(Dataset items)
*** Block opens ***

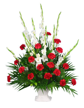 Parting with a loved one is always a challenge. In moments when words fall short, a heartfelt tribute can provide comfort. Our Red and White Floor Basket of memorial flowers gracefully symbolizes the richness of life and the sorrow of departure. This bouquet captures these opposing sentiments through the combination of dark red carnations and white gladioli.
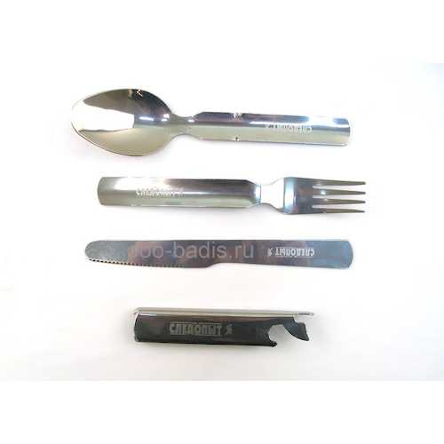 Набор столовых приборов Следопыт (ложка, вилка, нож, открывашка) в металл. чехле
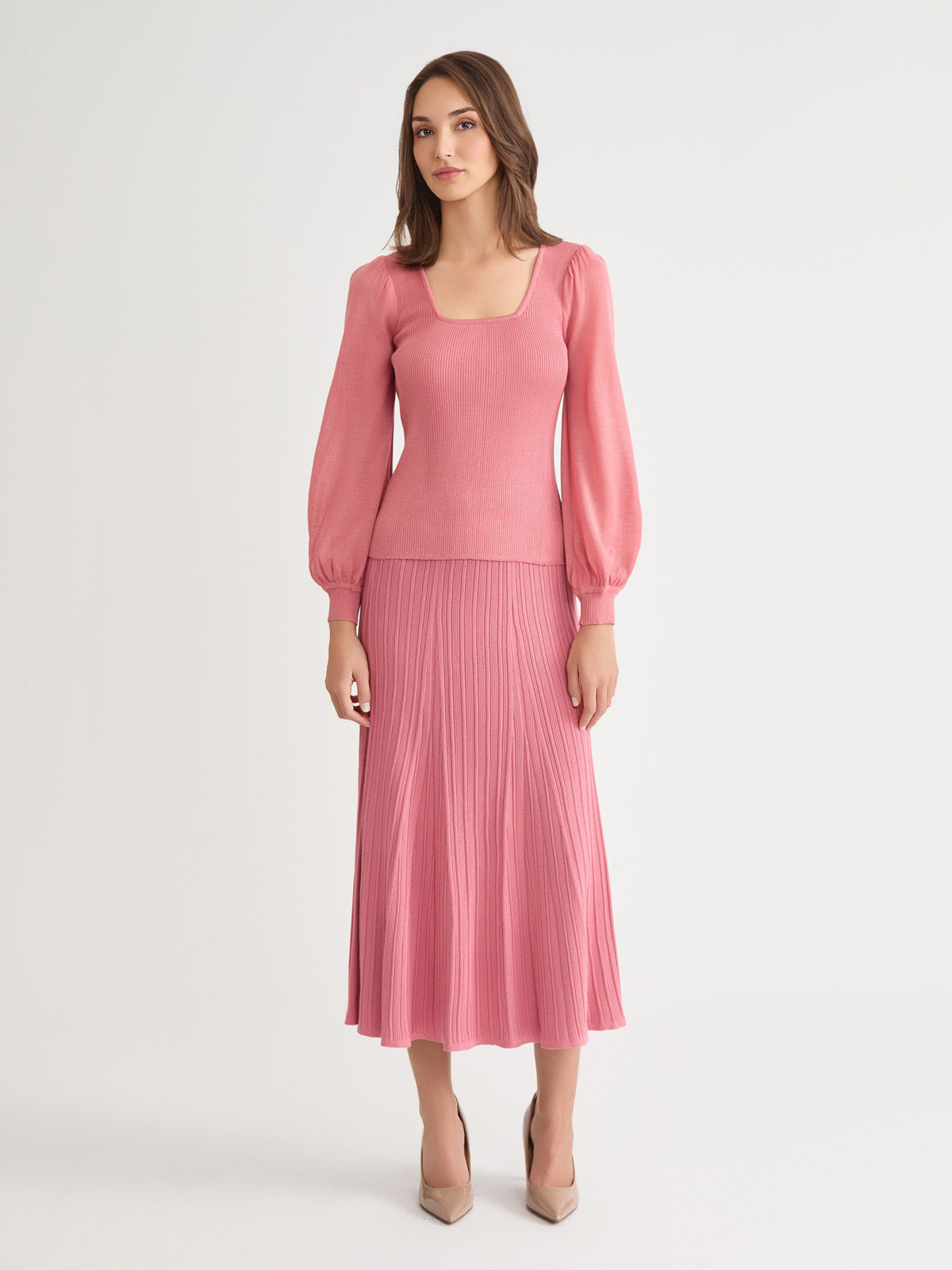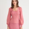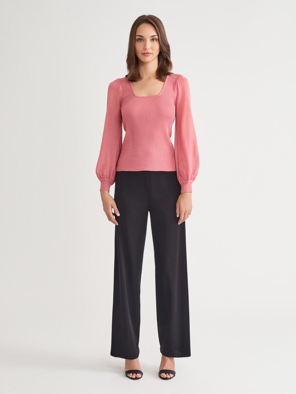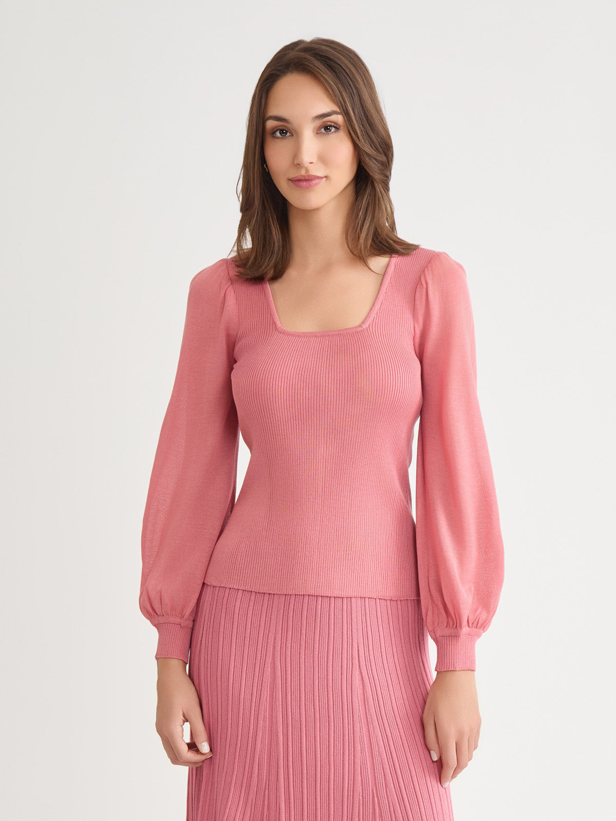Crafted from wrinkle-resistant knit fabric, this top features a classic square neckline and long sheer puff sleeves that add a touch of drama and elegance. Whether you’re dressing up for an evening out or pairing it with one of our knit skirts for a more casual look, this top offers both versatility and style.
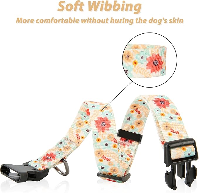 HEELE Dog Collar, Adjustable Soft Dog Collar for Small Medium Large Dogs,Floral Patterned Puppy Collars with Quick Release Buckle Galsang White S Length 9.84''-14.96'
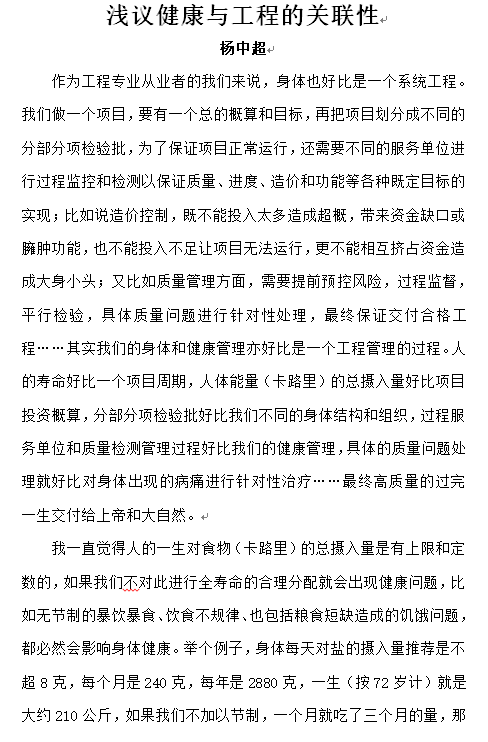 淺議健康與工程的關(guān)聯(lián)性——楊中超
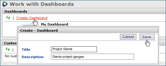 When the Dashboards feature is enabled, the ability to add gauges to a dashboard is available. The Dashboards menu element appears on the SCM main Contents, and users can work with it.
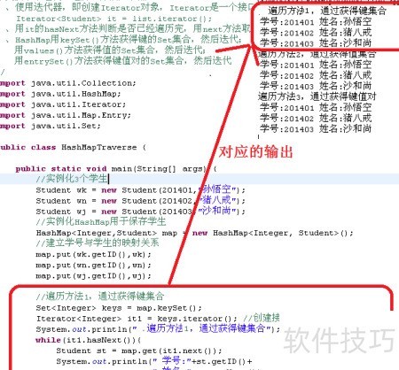 5、 通过entrySet()方法获取键值对的Set集合后进行迭代,图中已展示程序执行与输出结果的对应关系。与其他集合相比,映射类集合包含键与值两部分,既可通过键获取值,也可直接获取值或完整的键值对,因此在遍历方式上更加灵活多样,提供了更多选择。
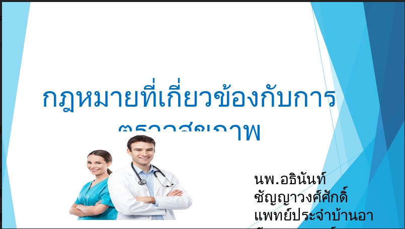 กฏหมายที่เกี่ยวข้องกับการตรวจสุขภาพ โดย นพ.อธินันท์ ชัญญาวงศ์ศักดิ์
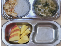 2023년 4월 28일 금요일 오전간식 : 사과 점심 : 마파두부덮밥 쑥갓유부된장국 애호박감자채볶음 김..
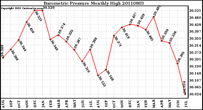 20110803 Barometric Pressure Monthly High
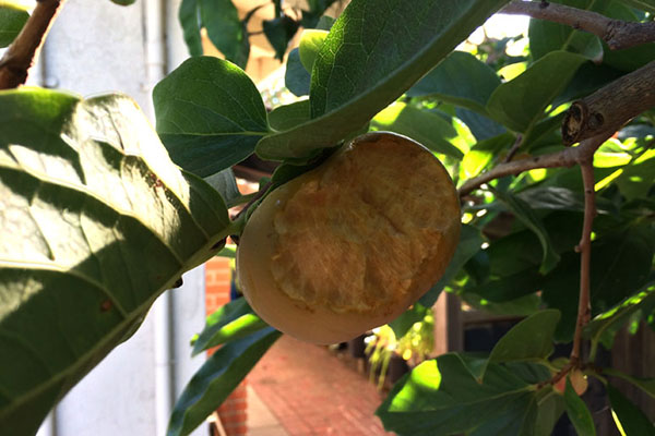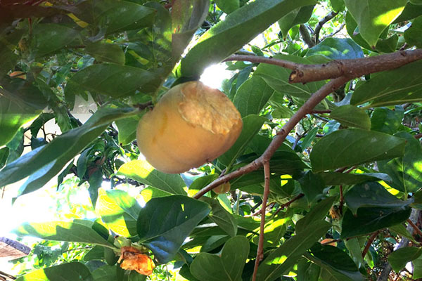 沒想到一直和平共處的松鼠,竟然作起怪來。原以為只吃堅果的松鼠,在柿子剛轉黄未十分熟時,已經等不及了每天䦕始試吃.把後院的柿子及鳳梨芭樂啃掉不少。慢慢的也視柿子及鳳梨芭樂為珍品,食髓知味天天來光顧。
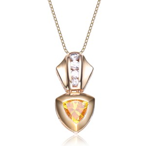 This is a stunning sterling silver pendant that has a large lemon-colored stone in the middle with a gold- plated frame and intricately designed upper body with a few white cubic zirconia stones. Like a modern piece of art, this could be a worthwhile accent to your modern casual outfit.

*** Block closes ***

- _Goal of the exercise_
An exact repetition of all the records above is required, excluding the pictures.

- _Expected answer_
 Parting with a loved one is always a challenge. In moments when words fall short, a heartfelt tribute can provide comfort. Our Red and White Floor Basket of memorial flowers gracefully symbolizes the richness of life and the sorrow of departure. This bouquet captures these opposing sentiments through the combination of dark red carnations and white gladioli.
 Набор столовых приборов Следопыт (ложка, вилка, нож, открывашка) в металл. чехле
Crafted from wrinkle-resistant knit fabric, this top features a classic square neckline and long sheer puff sleeves that add a touch of drama and elegance. Whether you’re dressing up for an evening out or pairing it with one of our knit skirts for a more casual look, this top offers both versatility and style.
 HEELE Dog Collar, Adjustable Soft Dog Collar for Small Medium Large Dogs,Floral Patterned Puppy Collars with Quick Release Buckle Galsang White S Length 9.84''-14.96'
 淺議健康與工程的關(guān)聯(lián)性——楊中超
 When the Dashboards feature is enabled, the ability to add gauges to a dashboard is available. The Dashboards menu element appears on the SCM main Contents, and users can work with it.
 5、 通过entrySet()方法获取键值对的Set集合后进行迭代,图中已展示程序执行与输出结果的对应关系。与其他集合相比,映射类集合包含键与值两部分,既可通过键获取值,也可直接获取值或完整的键值对,因此在遍历方式上更加灵活多样,提供了更多选择。
 กฏหมายที่เกี่ยวข้องกับการตรวจสุขภาพ โดย นพ.อธินันท์ ชัญญาวงศ์ศักดิ์
 2023년 4월 28일 금요일 오전간식 : 사과 점심 : 마파두부덮밥 쑥갓유부된장국 애호박감자채볶음 김..
 20110803 Barometric Pressure Monthly High
 沒想到一直和平共處的松鼠,竟然作起怪來。原以為只吃堅果的松鼠,在柿子剛轉黄未十分熟時,已經等不及了每天䦕始試吃.把後院的柿子及鳳梨芭樂啃掉不少。慢慢的也視柿子及鳳梨芭樂為珍品,食髓知味天天來光顧。
 This is a stunning sterling silver pendant that has a large lemon-colored stone in the middle with a gold- plated frame and intricately designed upper body with a few white cubic zirconia stones. Like a modern piece of art, this could be a worthwhile accent to your modern casual outfit.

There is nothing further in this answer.